■ Exercise ■
Return the lines of the listing below exactly as they appear, beginning at the one with "汤姆猫跑酷是一款以会说话的汤" and stopping after the one with "del tiempo presente."; do not include pictures.

■ Records provided ■
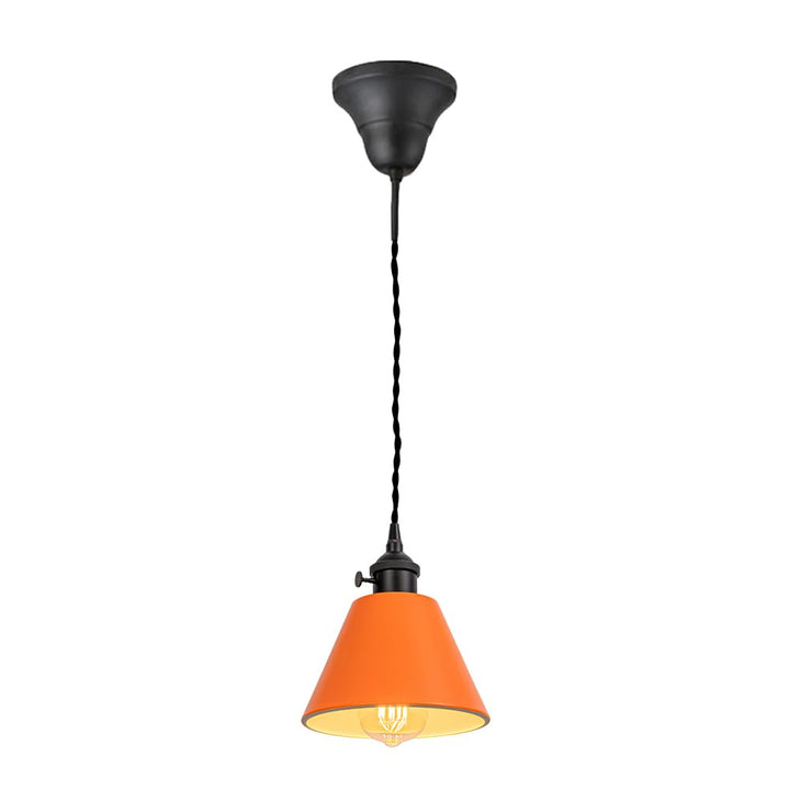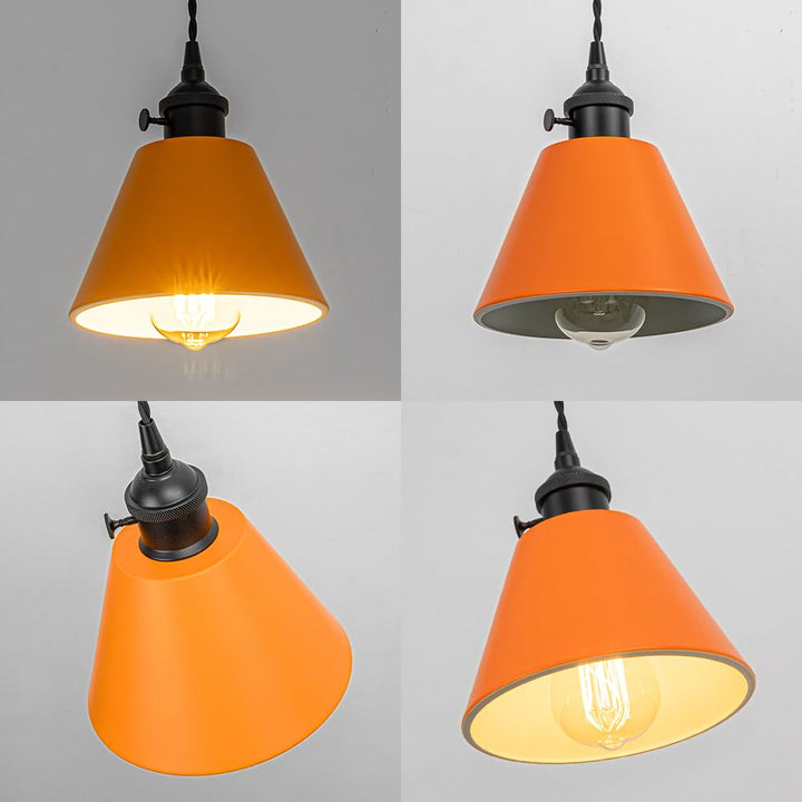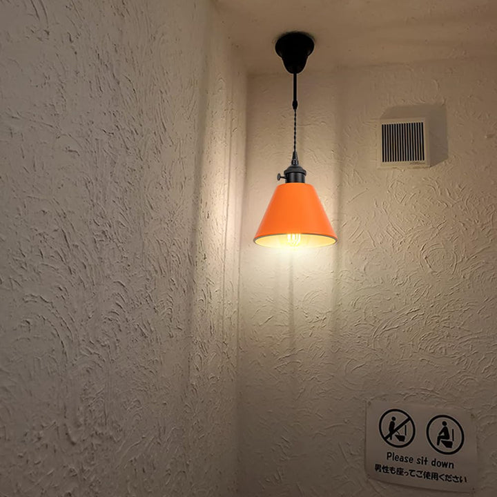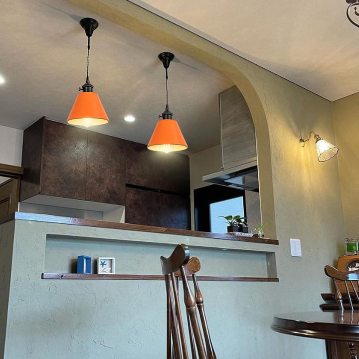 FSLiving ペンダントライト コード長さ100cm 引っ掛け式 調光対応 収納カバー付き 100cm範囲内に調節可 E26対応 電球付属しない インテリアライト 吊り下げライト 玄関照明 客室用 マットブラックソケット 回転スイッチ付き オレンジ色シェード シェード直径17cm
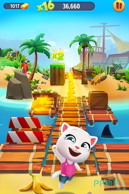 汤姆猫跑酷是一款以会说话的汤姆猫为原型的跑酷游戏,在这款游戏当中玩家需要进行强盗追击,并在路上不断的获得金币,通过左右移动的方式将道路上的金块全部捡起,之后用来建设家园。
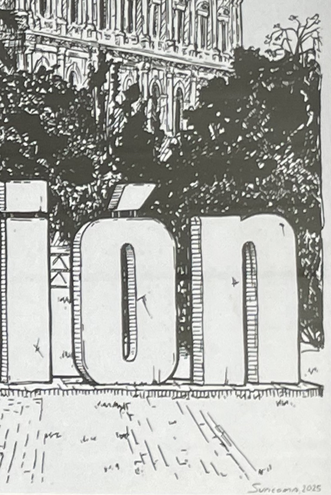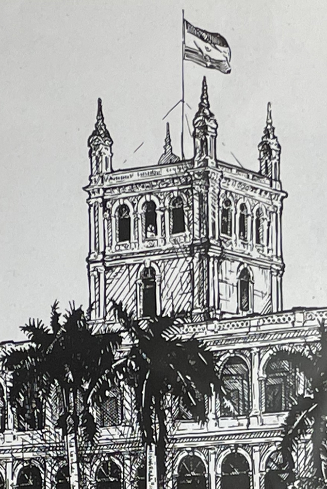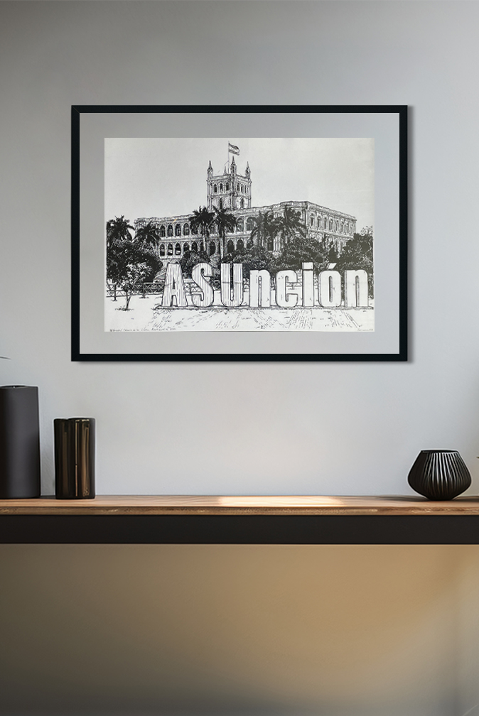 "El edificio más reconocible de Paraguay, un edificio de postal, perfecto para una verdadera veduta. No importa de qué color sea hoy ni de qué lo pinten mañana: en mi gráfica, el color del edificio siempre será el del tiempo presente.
---
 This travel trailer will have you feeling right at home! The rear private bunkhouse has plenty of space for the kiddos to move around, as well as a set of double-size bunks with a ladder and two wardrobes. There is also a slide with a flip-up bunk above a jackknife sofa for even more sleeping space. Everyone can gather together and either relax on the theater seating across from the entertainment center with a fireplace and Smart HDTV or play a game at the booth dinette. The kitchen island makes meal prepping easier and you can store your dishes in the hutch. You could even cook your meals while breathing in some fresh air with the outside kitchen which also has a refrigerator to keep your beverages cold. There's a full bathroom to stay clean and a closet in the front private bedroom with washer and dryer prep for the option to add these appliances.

■ Response to the exercise ■
 汤姆猫跑酷是一款以会说话的汤姆猫为原型的跑酷游戏,在这款游戏当中玩家需要进行强盗追击,并在路上不断的获得金币,通过左右移动的方式将道路上的金块全部捡起,之后用来建设家园。
 "El edificio más reconocible de Paraguay, un edificio de postal, perfecto para una verdadera veduta. No importa de qué color sea hoy ni de qué lo pinten mañana: en mi gráfica, el color del edificio siempre será el del tiempo presente.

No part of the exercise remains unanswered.